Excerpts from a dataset
○ ○ ○ ○

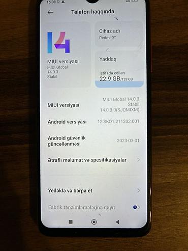 - Sistem: MIUI Global 14.0.3 (Android 12 bazalı), Azərbaycan dili interfeys dəstəyi
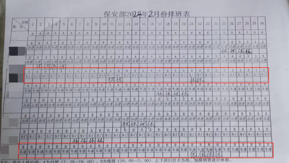 保安部2024年2月排班表,上面方框是陈淑芬的排班,下面是丈夫刘建华的排班 /受访者供图
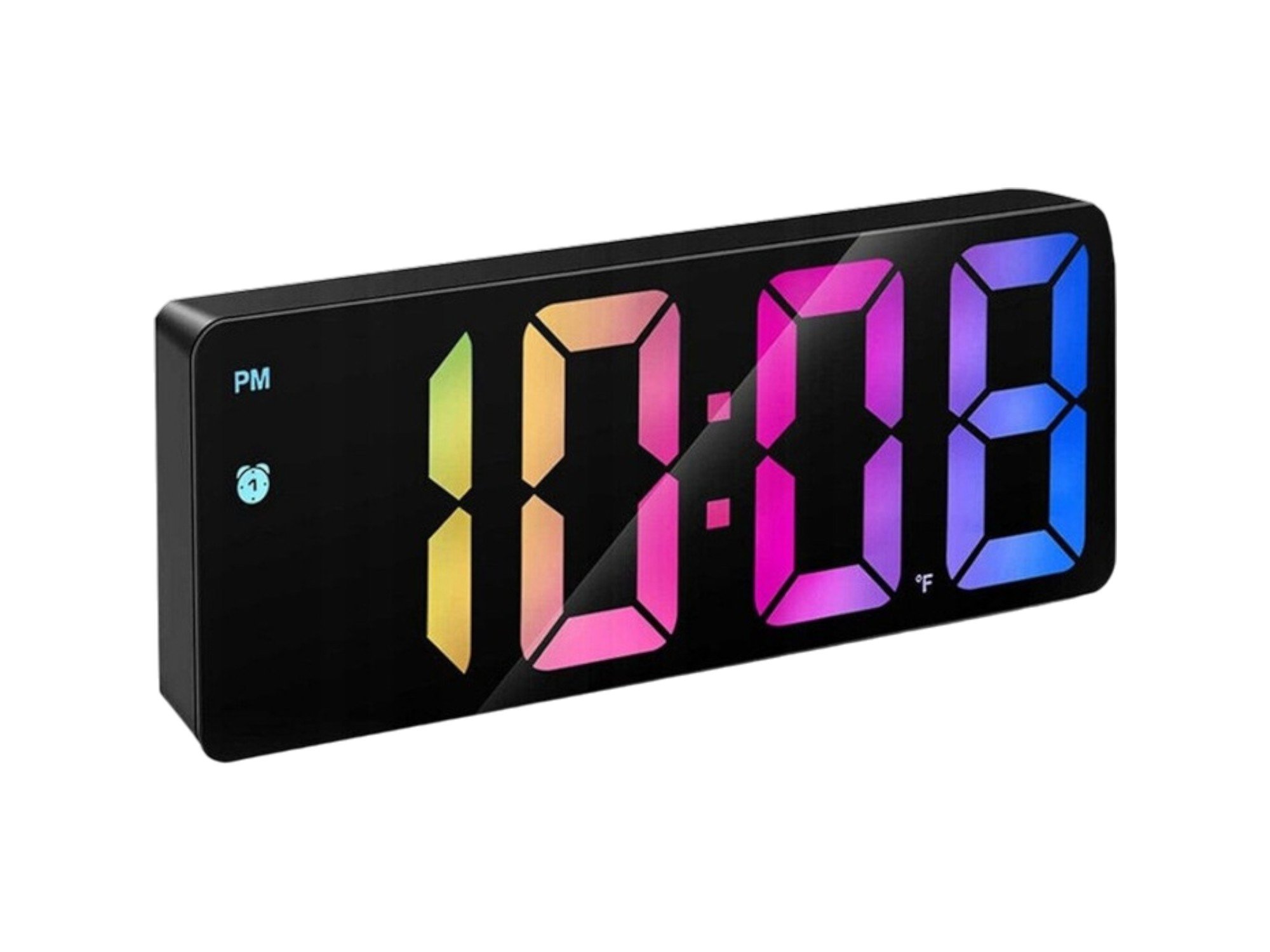Moderní, multifunkční elektronický budík s barevným LED displejem. Ideální do ložnice, kanceláře nebo dětského pokoje.
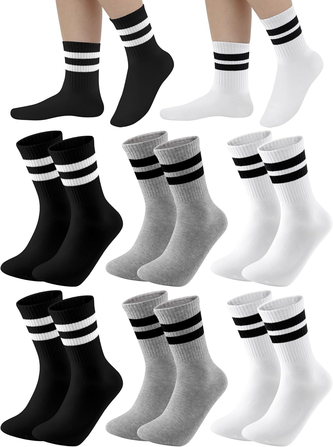 Cooraby 6 Pairs Unisex Kids Crew Socks Boys Girls Athletic Socks with Retro Stripes Soft Cotton Socks Black White Grey
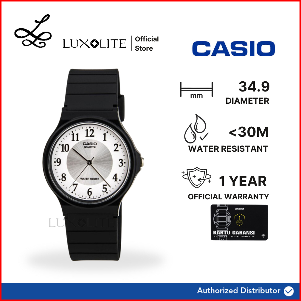 Luxolite Casio Jam Tangan Unisex Kecil Analog Mq-24-7b3ldf Mq-24-7b3 White Dial Black Resin Strap
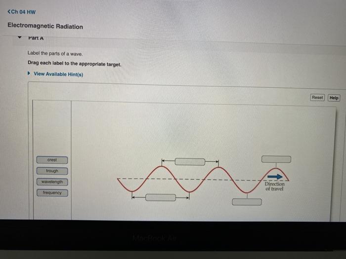 Solved Label the parts of a wave. Drag each label to the - Chegg Label the parts of a wave. Drag each label to the appropriate target. Classify these relationships between the properties of waves as directly proportional or inversely proportional. Drag each item to the appropriate bin. Question: Label the parts of a wave. Drag each label to the appropriate target.

○ ○ ○ ○

**What you will do:**
Give back the data exactly, with no images.

**Answer to this exercise:**
 - Sistem: MIUI Global 14.0.3 (Android 12 bazalı), Azərbaycan dili interfeys dəstəyi
 保安部2024年2月排班表,上面方框是陈淑芬的排班,下面是丈夫刘建华的排班 /受访者供图
Moderní, multifunkční elektronický budík s barevným LED displejem. Ideální do ložnice, kanceláře nebo dětského pokoje.
 Cooraby 6 Pairs Unisex Kids Crew Socks Boys Girls Athletic Socks with Retro Stripes Soft Cotton Socks Black White Grey
 Luxolite Casio Jam Tangan Unisex Kecil Analog Mq-24-7b3ldf Mq-24-7b3 White Dial Black Resin Strap
 Solved Label the parts of a wave. Drag each label to the - Chegg Label the parts of a wave. Drag each label to the appropriate target. Classify these relationships between the properties of waves as directly proportional or inversely proportional. Drag each item to the appropriate bin. Question: Label the parts of a wave. Drag each label to the appropriate target.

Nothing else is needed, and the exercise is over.